Nos minutos seguintes, enquanto Wooyoung percorria a casa verificando todos os aparatos de segurança disponíveis e dava seus pequenos ajustes àquilo que julgava necessitar de algum reparo, dedicou-se a afiar e polir o arsenal recém descoberto. Retirou as caixas com cuidado, ajeitando-as no carpete e sobre a mesinha de centro, sentando-se no chão e relaxando a postura enquanto se dedicava ao trabalho. Encontrara uma pedra de amolar na cozinha e lixas de metal no mesmo armário onde ficavam os utensílios de limpeza, e concluiu que seriam suficientes para o que iria fazer. Começou com as estrelas e adagas, menores e mais delicadas, elevando o tamanho e o nível de periculosidade dos itens conforme progredia. Naquele momento, afiando sua espada, estava consciente do deus a alguns poucos metros dela, verificando o último canto da casa: seu quarto. Deixara-o ir sem nem mesmo pensar a respeito, convencida de que não havia nada naquelas gavetas e armários que pudessem impedir sua vistoria, ocupada demais com seu mais recente entretenimento para oferecer mais do que alguns poucos resmungos quando perguntou se ela tinha certeza de que ele poderia verificar cada ínfimo objeto.

De tão absorta, mal notou a presença de Yuta em seus pensamentos, e não teria despertado para esse fato tão cedo, não fosse o chamado repentino e a seu ver incômodo. Estava quase terminando com o penúltimo gládio...

- Estou aqui. - respondeu, utilizando a voz de sua consciência. Wooyoung estava cômodos adiante. Ela tinha certeza de que ouviria mesmo a mais breve das palavras ditas em voz alta. Por outro lado, não era como se utilizar a ponte fosse garantir total sigilo de sua conversa, graças à habilidade especial dele. Convenceu-se de que era apenas fruto do hábito que inconscientemente criara, uma fração de segundo antes de Yuta tomar a fala mais uma vez.

- Quero aproveitar esse incomum momento de calmaria ao seu redor para testar uma coisa. - começou, tão tranquilamente como sempre se pronunciava. Quase podia visualizar a si mesma utilizando o mesmo tom para convidar um dos outros legionários para uma disputa na Arena, sem nenhum outro objetivo além de fazer passar o tempo em uma escaldante tarde de sábado. - É um recurso para o qual não tive a oportunidade de fazer uma análise presencial. Contudo, dada a situação em que estamos, não será nenhum problema que o primeiro uso seja em planos diferentes. Ao contrário, penso que ajudaria a determinar com maior precisão eventuais ajustes que necessitem ser feitos. - tagarelou, metade de suas palavras se perdendo na mente de Irene antes que pudesse compreender a coisa como um todo.

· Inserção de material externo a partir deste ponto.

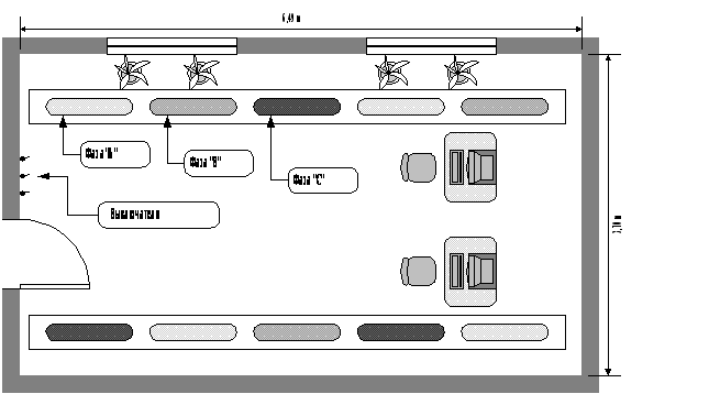 где Emax, Emin и Eср показатели освещённости для газоразрядных ламп при питании их переменным током – соответстсвенно максимальная, минимальная и средняя. Возьмём по аналогии [16], табл. 4 люминесцентную лампу ЛХБ приблизительно той же мощности. Включением смежных ламп в разные фазы (группы) трёхфазной электрической сети возможно добиться уменьшения коэффициента пульсации КП с 35 до 3 – т.е. почти в 12 раз (рис. 1). На рис. 1 указаны три выключателя (по одному на каждую фазу – группу ламп) – это необходимо для обеспечения возможности независимого управления группами ламп.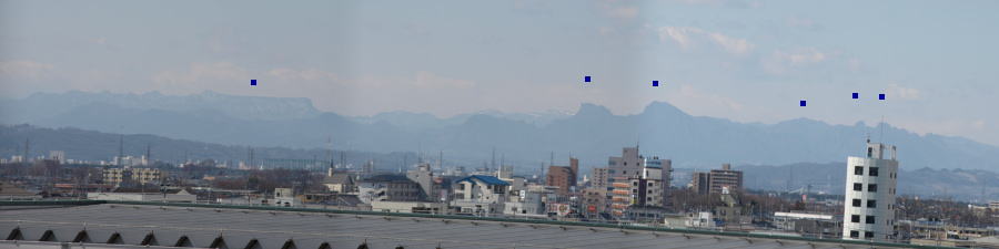 もう少し広範囲にみると、左に赤城山、右に袈裟丸山、皇海山方面、更に日光方面の山並みかな?
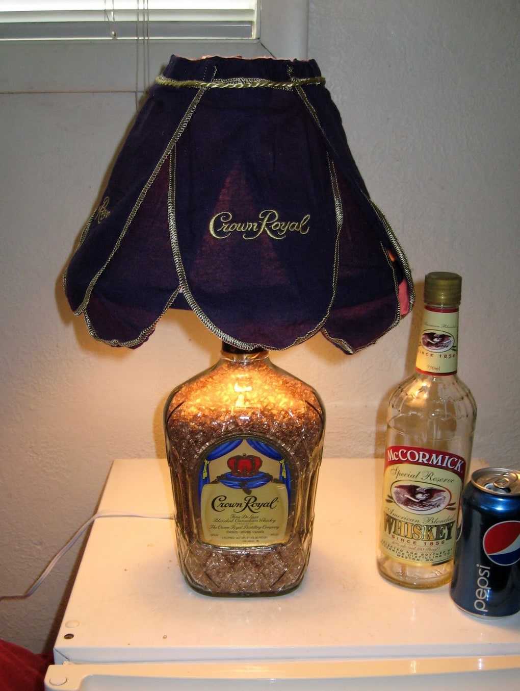 Другой вариант красивого ночника – торшер. К такому случаю очень подойдет стильная бутылка из-под дорогого алкоголя. Одновременно с этим можно взять любую тару из красивого стекла или необычной формы. Даже светильник из пивной бутылки будет выглядеть очень оригинально.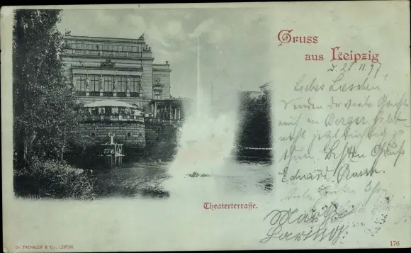 Mondschein Ak Leipzig in Sachsen, Theaterterrasse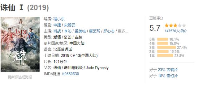 一天时间,《诛仙》从开画时的6.7分降到了5.7分,足以说明这片子在正常观众眼里有多差,然而依旧远远不是其真实品质的体现。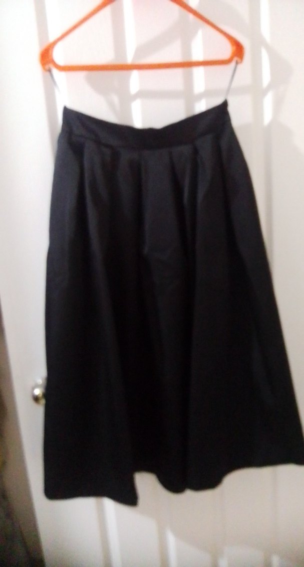 Siyah renkli, pileli ve bol kesimli, ipeksi dokulu uzun kadın eteği. Gotik tarzda, ofis kullanımı için uygun.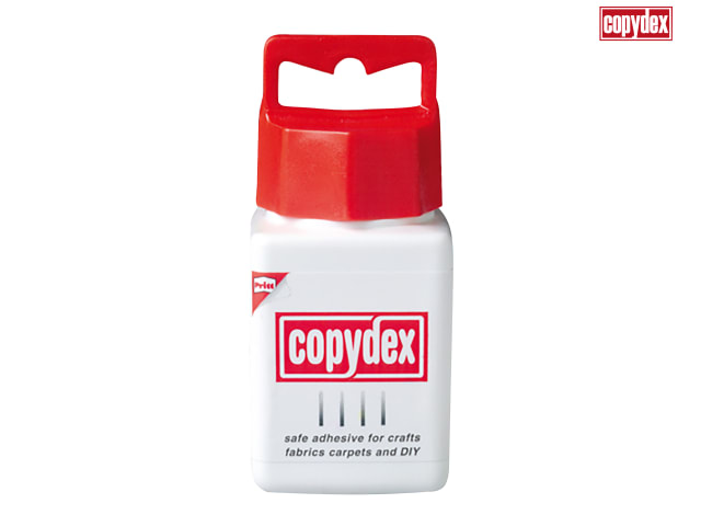 Copydex Adhesive is a strong, versatile, natural rubber latex-based adhesive for hobbies, craftwork and DIY repairs. Solvent and acid-free. Perfect for paper, card, wood, plastics, metal, cork, fabric, carpets, leather, canvas and many other materials. Ideal for repairing clothing and upholstery, sticking down carpets, making mobiles and collages, etc.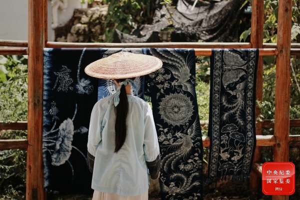 贵州省贵阳市花溪区龙井村把豆染、刺绣等民间技艺融入清廉乡村建设,寓廉意于蓝布之上,在豆染作品中融入廉词、廉句、廉花。图为非物质文化遗产豆染技艺传承人制作的“廉”文化产品。(贵州省贵阳市花溪区纪委监委供 梁恩齐 摄)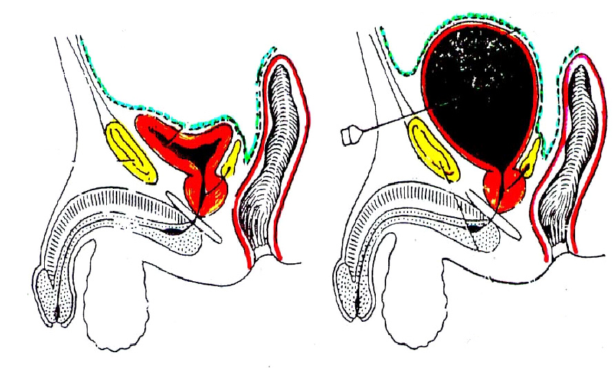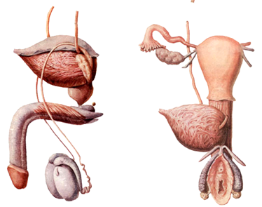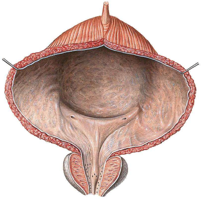 膀胱颈 neck of bladder:在膀胱下部,男性与前列腺接触,女性与尿生殖膈毗邻内口。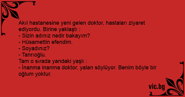 Akıl hastanesine yeni gelen doktor, hastaları ziyaret ediyordu. Birine yaklaştı :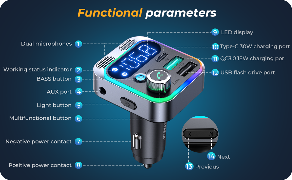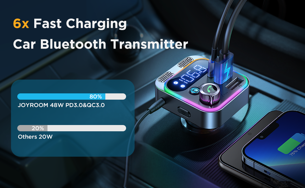 - 🚗 [48W PD&QC 3.0 Fast Charging]JOYROOM Bluetooth FM Transmitter is equipped with PD 30W Type-C and QC3.0 18W USB charging port, fast charging two devices at the same time. Support Samsung super fast charging and iPad pro/iPhone/Google/Moto/LG/Android device fast charging. This 48W high power car adapter charges faster than 99% of Bluetooth car adapters on the market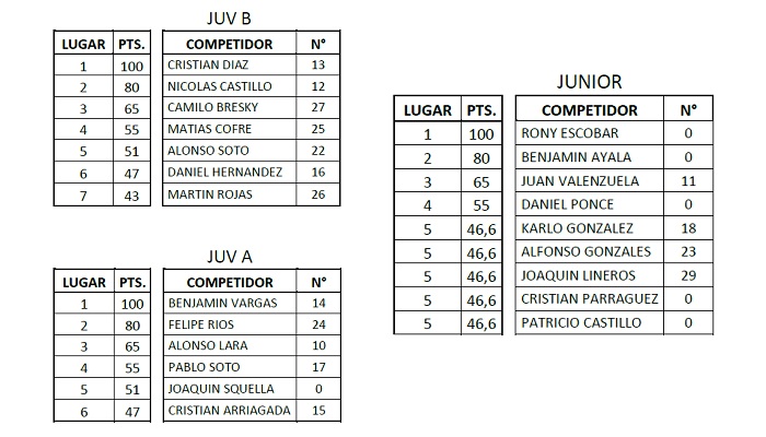 Para calcular el puntaje se ocupa la tabla publicada en el reglamento I.F.S.C. y se procede según el texto del mismo reglamento para dirimir empates. Los siguientes son los resultados generales de la competencia en cada una de las categorías propuestas.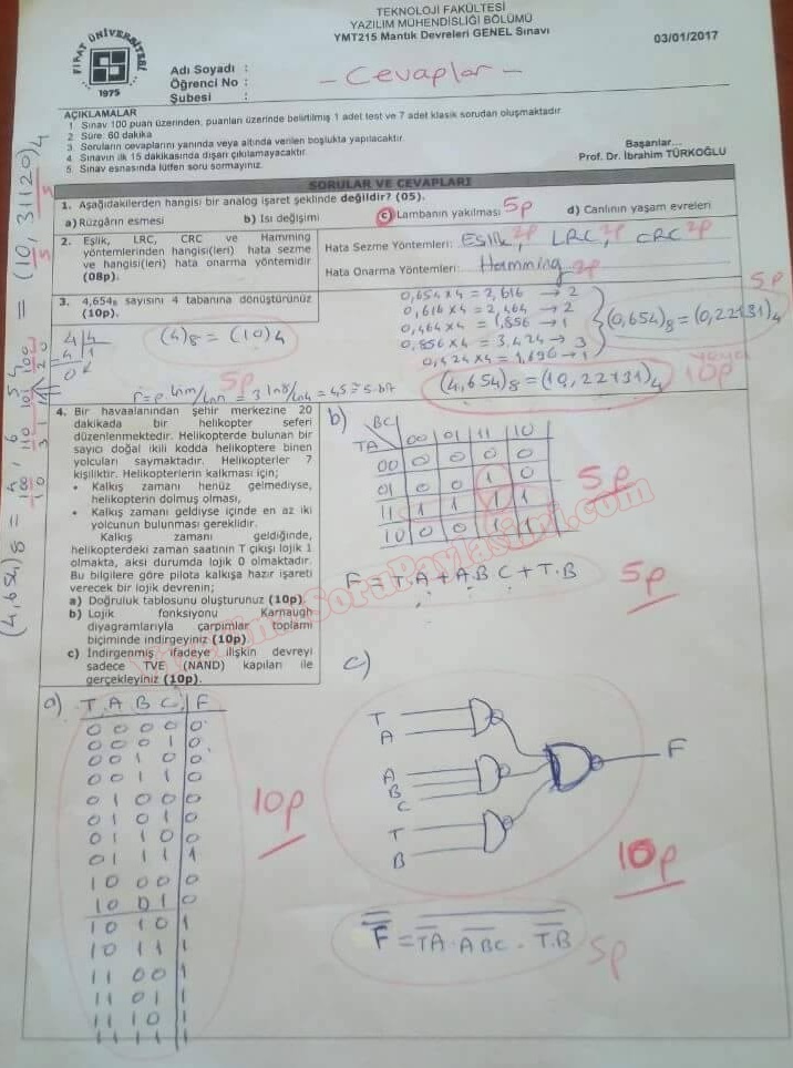 mantık devreleri yazılım mühendisliği Teknoloji Fakültesi Final Soruları 2017 Fırat Üniversitesi GERİ DÖN-

- O que preciso fazer? - questionou, pousando a espada com polimento incompleto sobre a mesa, recostando-se melhor na base do estofado.

- Quero que feche os olhos, e então imagine um túnel longo e escuro. - ditou, sem a menor das alterações na voz.  - Estou falando sério. - acrescentou, quando percebeu que ela não falava ou se movia, e muito menos seguia as instruções. A desconfiança martelava sua nuca, mas ela decidiu agarrar-se a um tímido fragmento de confiança que nascera em um canto afastado de si com relação aos pedidos sempre incompreensíveis e audaciosos de Yuta. Fechou os olhos, vestígios da claridade que invadia o cômodo penetrando suas pálpebras até que ela se concentrasse apenas no mais profundo breu. Pensou nas sombras como matéria maleável, moldando-as até assumirem a forma de um túnel, conforme pedido. - Agora, imagine a si mesma percorrendo esse túnel. Pode tocar uma das paredes para se guiar, se quiser.